### Work order
Write out the listing from the line with "Featuring a pink" to the line with "Caroline's Treasures Merry", both lines included, exactly and nothing beyond. Leave pictures out.

START Exercise data

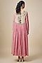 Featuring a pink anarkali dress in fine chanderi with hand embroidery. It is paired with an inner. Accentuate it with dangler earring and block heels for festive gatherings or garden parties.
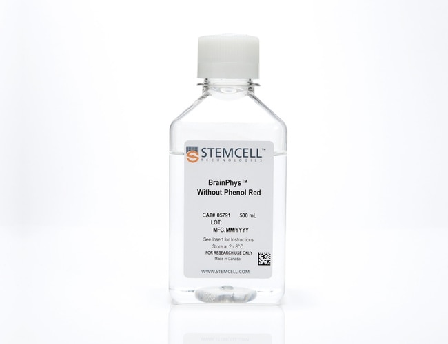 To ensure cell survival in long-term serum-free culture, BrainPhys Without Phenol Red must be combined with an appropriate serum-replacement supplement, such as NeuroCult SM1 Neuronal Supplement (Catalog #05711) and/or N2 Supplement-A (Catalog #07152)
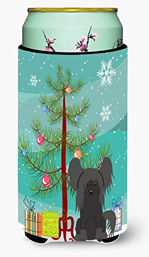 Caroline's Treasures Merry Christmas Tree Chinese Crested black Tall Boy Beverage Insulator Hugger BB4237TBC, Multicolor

END Exercise data
START Exercise data

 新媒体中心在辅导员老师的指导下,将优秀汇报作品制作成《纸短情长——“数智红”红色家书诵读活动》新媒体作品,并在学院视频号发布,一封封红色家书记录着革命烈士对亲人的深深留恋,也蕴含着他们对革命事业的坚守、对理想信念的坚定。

END Exercise data
START Exercise data

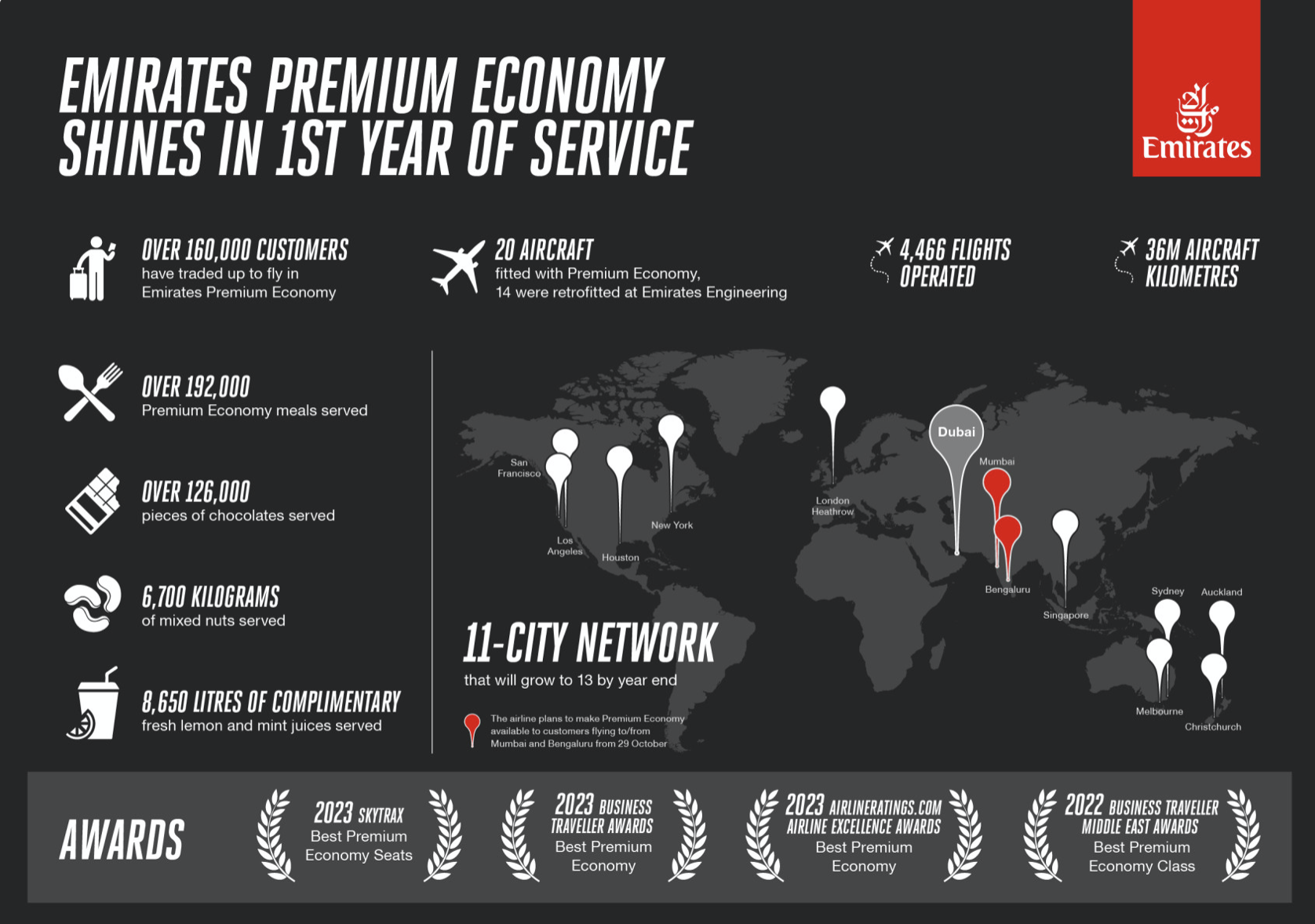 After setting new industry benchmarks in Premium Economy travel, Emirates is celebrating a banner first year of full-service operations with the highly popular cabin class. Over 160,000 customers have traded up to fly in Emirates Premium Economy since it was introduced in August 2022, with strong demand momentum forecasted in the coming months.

END Exercise data

### Answer below
 Featuring a pink anarkali dress in fine chanderi with hand embroidery. It is paired with an inner. Accentuate it with dangler earring and block heels for festive gatherings or garden parties.
 To ensure cell survival in long-term serum-free culture, BrainPhys Without Phenol Red must be combined with an appropriate serum-replacement supplement, such as NeuroCult SM1 Neuronal Supplement (Catalog #05711) and/or N2 Supplement-A (Catalog #07152)
 Caroline's Treasures Merry Christmas Tree Chinese Crested black Tall Boy Beverage Insulator Hugger BB4237TBC, Multicolor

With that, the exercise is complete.